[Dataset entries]

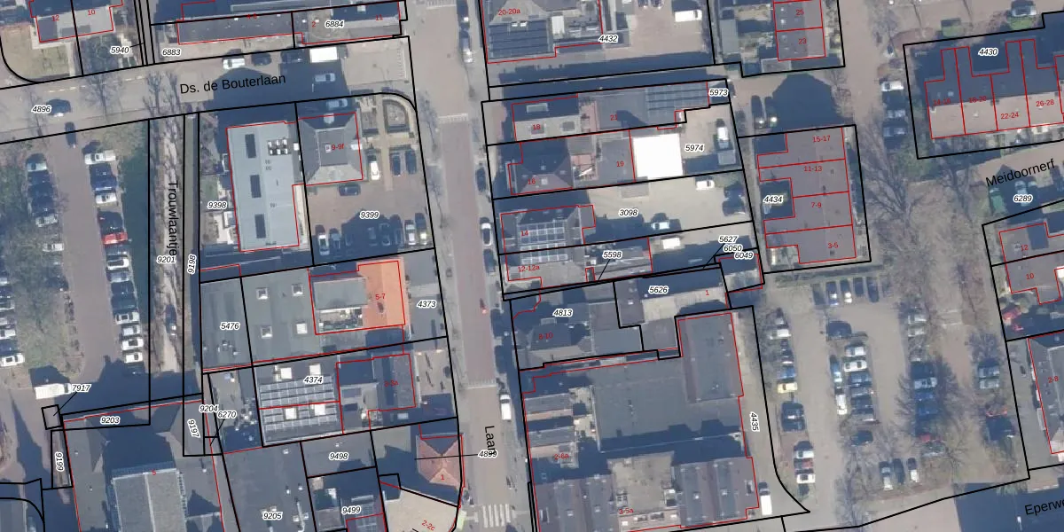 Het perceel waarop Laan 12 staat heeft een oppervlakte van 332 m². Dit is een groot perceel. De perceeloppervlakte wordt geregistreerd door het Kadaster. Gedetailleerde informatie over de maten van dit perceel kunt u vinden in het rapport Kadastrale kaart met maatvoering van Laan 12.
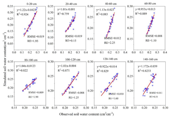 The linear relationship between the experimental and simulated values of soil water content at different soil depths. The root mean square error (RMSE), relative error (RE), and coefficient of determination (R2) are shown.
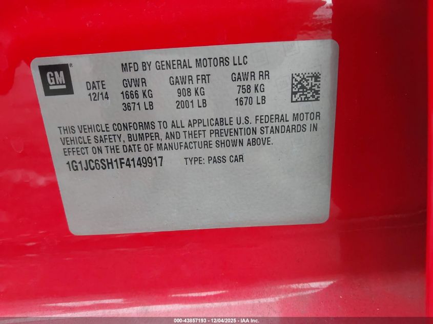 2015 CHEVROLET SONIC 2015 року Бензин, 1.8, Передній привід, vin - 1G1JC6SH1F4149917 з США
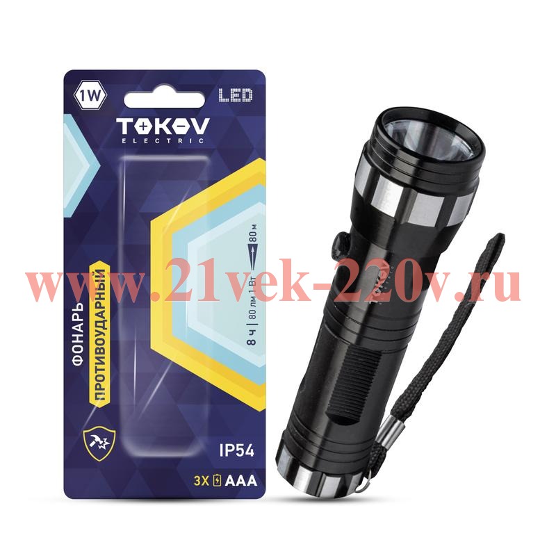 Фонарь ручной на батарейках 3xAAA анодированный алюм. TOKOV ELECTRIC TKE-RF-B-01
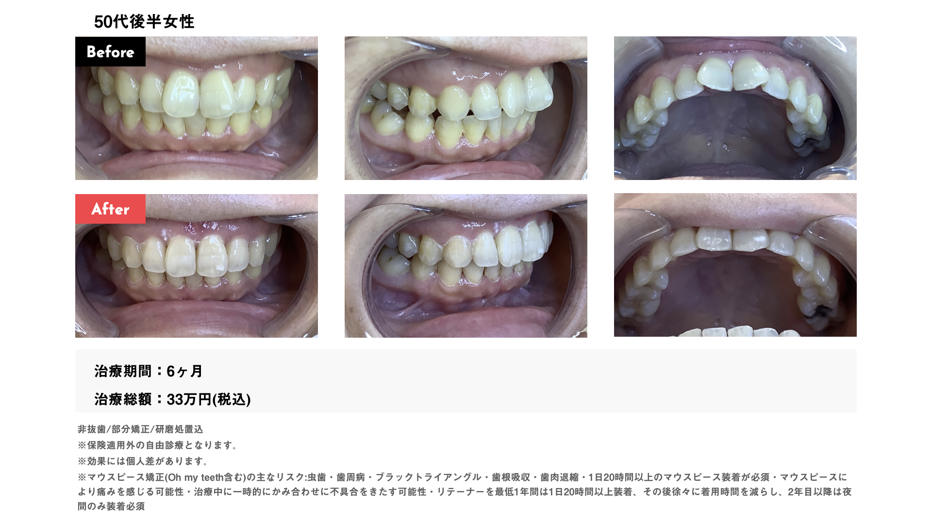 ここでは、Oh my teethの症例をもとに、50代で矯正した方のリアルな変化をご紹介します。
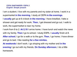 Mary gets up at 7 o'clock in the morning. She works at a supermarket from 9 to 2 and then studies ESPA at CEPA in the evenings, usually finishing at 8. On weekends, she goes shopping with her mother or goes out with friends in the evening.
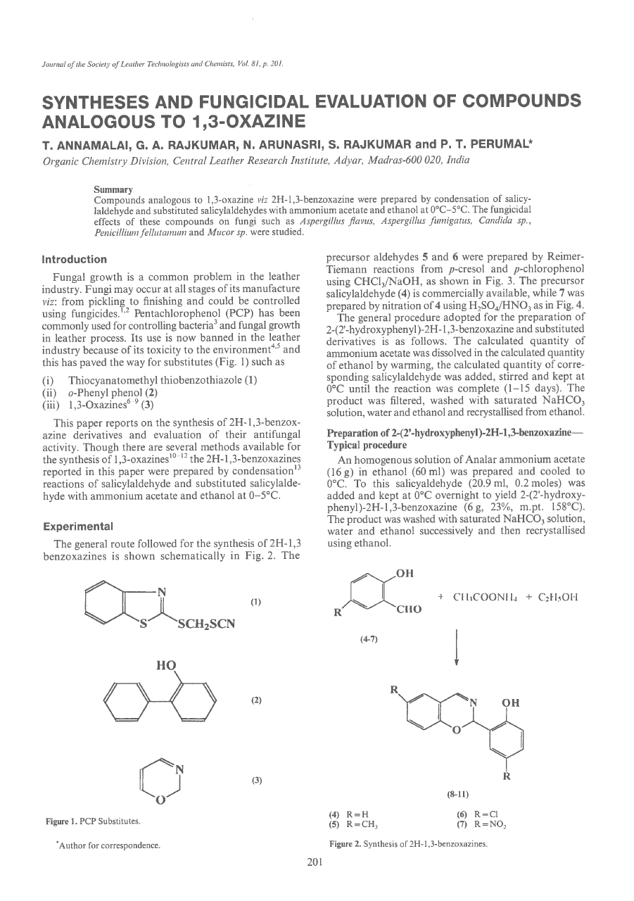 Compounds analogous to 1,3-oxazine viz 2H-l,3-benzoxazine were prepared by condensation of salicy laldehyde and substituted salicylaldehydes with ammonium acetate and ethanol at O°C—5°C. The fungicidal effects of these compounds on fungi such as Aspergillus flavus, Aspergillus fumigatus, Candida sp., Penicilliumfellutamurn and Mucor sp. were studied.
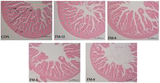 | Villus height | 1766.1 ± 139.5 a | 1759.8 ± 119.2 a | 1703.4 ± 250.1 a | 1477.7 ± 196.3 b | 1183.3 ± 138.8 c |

> YOUR OBJECTIVE
A faithful copy of the entries above is needed, one that contains no images.

> OUTPUT FOR THIS EXERCISE
 Het perceel waarop Laan 12 staat heeft een oppervlakte van 332 m². Dit is een groot perceel. De perceeloppervlakte wordt geregistreerd door het Kadaster. Gedetailleerde informatie over de maten van dit perceel kunt u vinden in het rapport Kadastrale kaart met maatvoering van Laan 12.
 The linear relationship between the experimental and simulated values of soil water content at different soil depths. The root mean square error (RMSE), relative error (RE), and coefficient of determination (R2) are shown.
 2015 CHEVROLET SONIC 2015 року Бензин, 1.8, Передній привід, vin - 1G1JC6SH1F4149917 з США
 Фонарь ручной на батарейках 3xAAA анодированный алюм. TOKOV ELECTRIC TKE-RF-B-01
 ここでは、Oh my teethの症例をもとに、50代で矯正した方のリアルな変化をご紹介します。
 Mary gets up at 7 o'clock in the morning. She works at a supermarket from 9 to 2 and then studies ESPA at CEPA in the evenings, usually finishing at 8. On weekends, she goes shopping with her mother or goes out with friends in the evening.
 Compounds analogous to 1,3-oxazine viz 2H-l,3-benzoxazine were prepared by condensation of salicy laldehyde and substituted salicylaldehydes with ammonium acetate and ethanol at O°C—5°C. The fungicidal effects of these compounds on fungi such as Aspergillus flavus, Aspergillus fumigatus, Candida sp., Penicilliumfellutamurn and Mucor sp. were studied.
 | Villus height | 1766.1 ± 139.5 a | 1759.8 ± 119.2 a | 1703.4 ± 250.1 a | 1477.7 ± 196.3 b | 1183.3 ± 138.8 c |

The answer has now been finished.